# Solved: no internet through switch (Netgear router Netgear switch)



## bezmon (May 5, 2009)

Good Evening
hope someone can help

i have a netgear router dg834gt and netgear switch gs608

2 computers connected direct to router work fine (using vista!)

yet 4 computers through switch have no internet access!! (using xp)

switch is connected via Cat5E cable to router
have tried everything i can think, with exceptions of upgrading firmware!

any help would be greatly recieved! (am having to make do with dongle!)

Cheers


----------



## Gr3iz (Mar 9, 2009)

What kind of lights are on on the switch for the port connecting the router to the switch?


----------



## bezmon (May 5, 2009)

hiya mate

on the router the light is green
on the switch the light in orange (as far as i can remember it as always been orange)

it was all working until i changed the router, the old kept dropping connection

i have logged into the router from one of the machine its works with a gone through to the connected devices only to find the two there i know are working


----------



## Gr3iz (Mar 9, 2009)

The 4 computers that cannot access the Internet, what kind of IP addresses do you get on them? Consistent with the ones that do work? Hopefully all are using DHCP, or at least staticked to an address within the router's subnet.

In other words, if the working units are getting addresses like 192.168.1.xx, hopefully the non-working units do not have IP addresses of 192.168.0.xx, or, worse yet, 169.xx.xx.xx.


----------



## bezmon (May 5, 2009)

the two i have checked have got 192.168.0.xx ip address, when doing ipconfig/all from cmd. brings up all the correct gateways and subnet mask numbers


----------



## Gr3iz (Mar 9, 2009)

These are two of the non-working units?
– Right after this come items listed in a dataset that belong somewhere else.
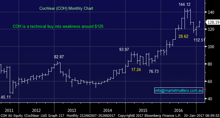 Another quality company in the healthcare sector we like for similar reasons is Cochlear (COH). While it’s certainly not cheap (PE of 30.7 times) which is pretty typical for this stock, they report earnings on the 14th February and strong growth is expected (~20% EPS growth).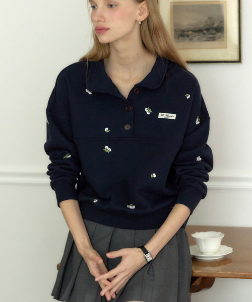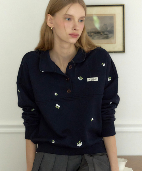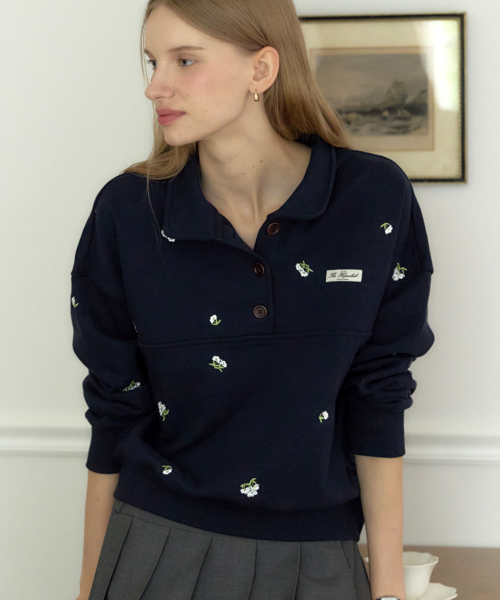 마가렛 엠브로더리 버튼다운 스웨트셔츠 - 네이비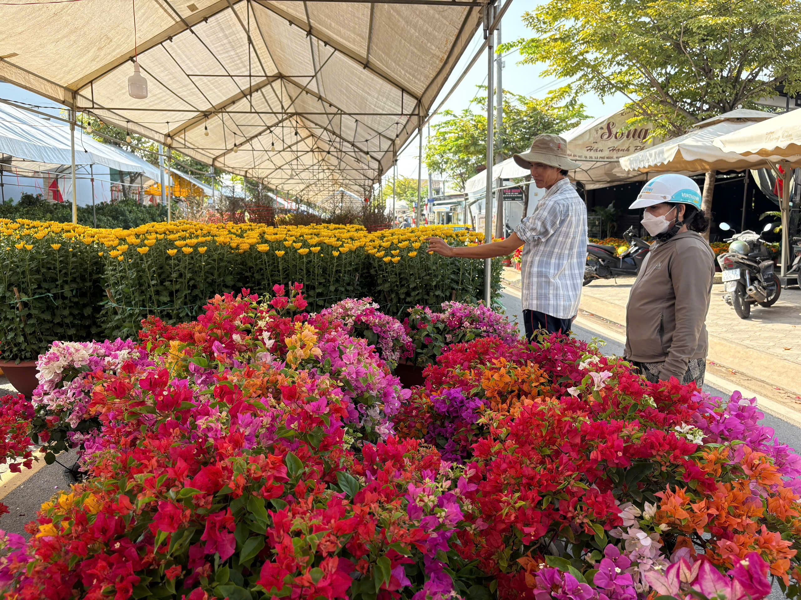 Trong những ngày sát tết Ông Táo các nhà vườn, hộ kinh doanh hoa tươi, cây cảnh và trái cây tại Định Quán đang tất bật chuẩn bị các gian hàng tại Chợ hoa- trái cây xuân Ất Tỵ. Trên 100 gian hàng, trãi dài trên đường Trần Nhân Tông, khu phố Hiệp Tâm 2, với nhiều loại hoa tươi, cây cảnh và trái cây được bày bán, tạo nên không khí rộn ràng, tràn ngập sắc xuân.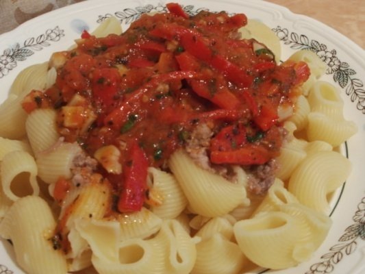 Oparim cu apa clocotita rosiile si le decojim ,le taiem cubulete.Pisam cu latul cutitului usturoiul apoi il taiem bucatele il prajim 2~3 minute la foc mic .Adaugam rosiile le prajim pina se schimba un pic culoarea si adaugam capia taiata pai cu lungimea de 4 cm. Adaugam sarea ,zaharul, busuiocul, cimbru, boia, cili si prajim inca 2~3 minute .La sfirsit adaugam patrunjel si leustean proaspat si oprim focul.Lasam 2 minute sa se mai condimenteze si cu zarzavatul proaspat ,si pofta mare .Eu am adaugat si putina carne de porc inabusita din conserva si am calit-o putin.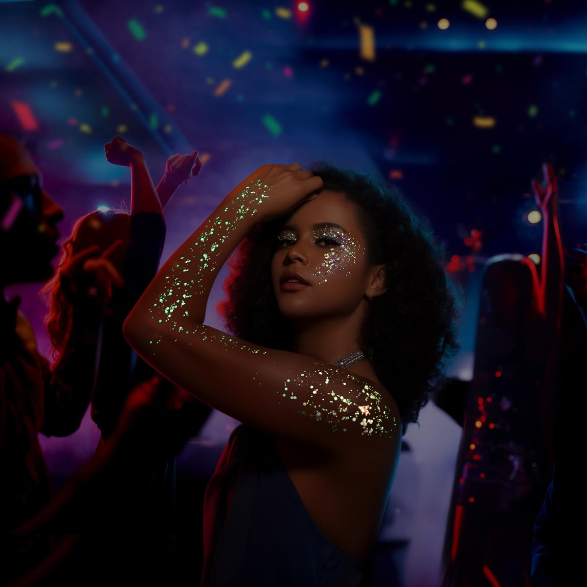 Add a touch of sparkle with Teenitor 12 Colors Glow in The Dark Glitter Gel. This versatile gel can be used on the face, body, and hair, perfect for creating dazzling UV black light makeup looks at raves and festivals.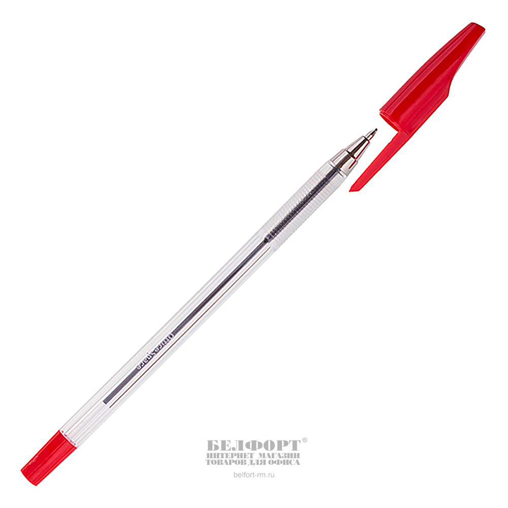 Ручка обычная, шарик., OfficeSpace, цвет чернил красный, толщина линии 0,45мм, диаметр шарика 0,7 мм, корпус прозрачный, длина стержня 143мм, рифленый держат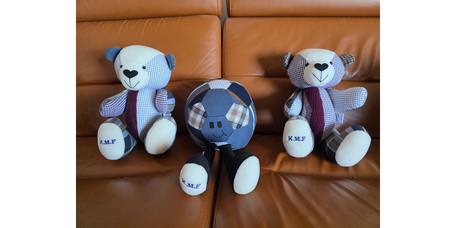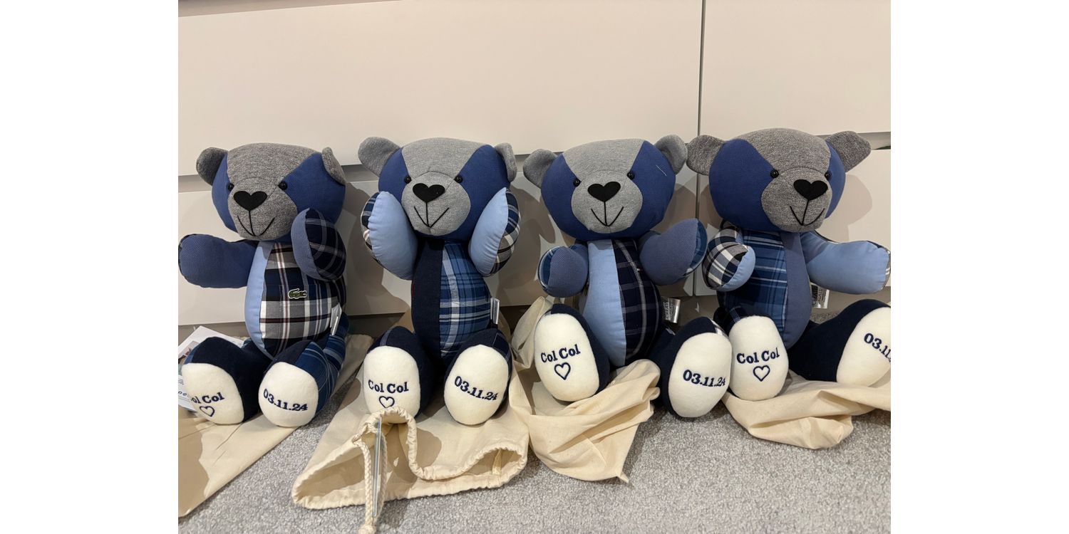 Lovingly handmade by our team we can create a memory bear from any clothes that you want to keep and treasure, such as baby grows, adult shirts, uniforms and more. Each bear will be a lasting reminder of those precious times and will quickly become one of your most beloved possessions.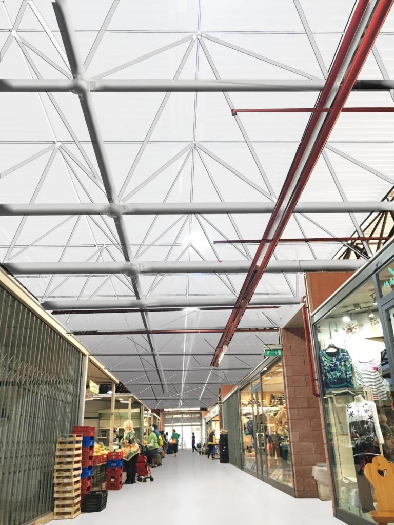 Cuore del progetto è la creazione di una grande piazza centrale all’interno del mercato, una richiesta specifica di tanti operatori che avevano l’esigenza di mettere creare una sorta di “centro della polis” che potesse essere uno spazio commerciale autenticamente comunitario, aperto alla cultura, agli eventi, all’animazione sociale. Per esaltare questo nuovo “polo” del quartiere, viene proposto di ampliare l’ingresso ed eliminare le scale mobili, in modo da creare una grande piazza esterna che, dialogando con quella interna, possa esaltare la natura “aperta” dello spazio rigenerato.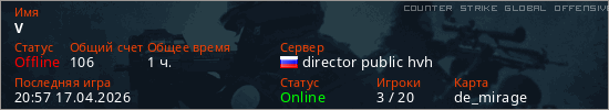 Играет на Counter Strike Global Offensive сервере. Страна: РоссияПервый раз замечен 19:41 02.04.2026

Do the working ones also fall in the 192.168.0.xx subnet?

What happens if you connect one of the XP systems directly to the router? Or, one of the Vista systems to the switch?


----------



## bezmon (May 5, 2009)

hiya mate

have check all four connected hrough the switch they all fall in 192.168.1.XX (xx equals 33/34/36/37)

the default gateway is 169.254.0.1 ??


----------



## bezmon (May 5, 2009)

i have now upgraded the firmware to the latest version, still the same


----------



## bezmon (May 5, 2009)

connected direct to xp machine and internet works fine!


----------



## Gr3iz (Mar 9, 2009)

Something's not quite right here ...

The Default Gateway should be your router. I would expect that to be in the 192.168.x.xx range.

You indicated above (in #5) that you had IP addresses of 192.168.0.xx. I'm guessing the IP of the Default Gateway is also 192.168.0.xx on those systems (the Vista systems?). I don't know where the XP systems are getting the 169.254 gateway information. The router should be providing the DHCP for all systems on your network. The switch does not have that capability.


----------



## bezmon (May 5, 2009)

solved it

we have a network hard drive as a back up!!

its has a static ip address 196.168.1.1 was conflicting with router!

changed ip address of network hard a everyone was back on-line
2 days stessed sorted

thanks everyone for your input!


----------



## Gr3iz (Mar 9, 2009)

Excellent! Glad to hear it!


----------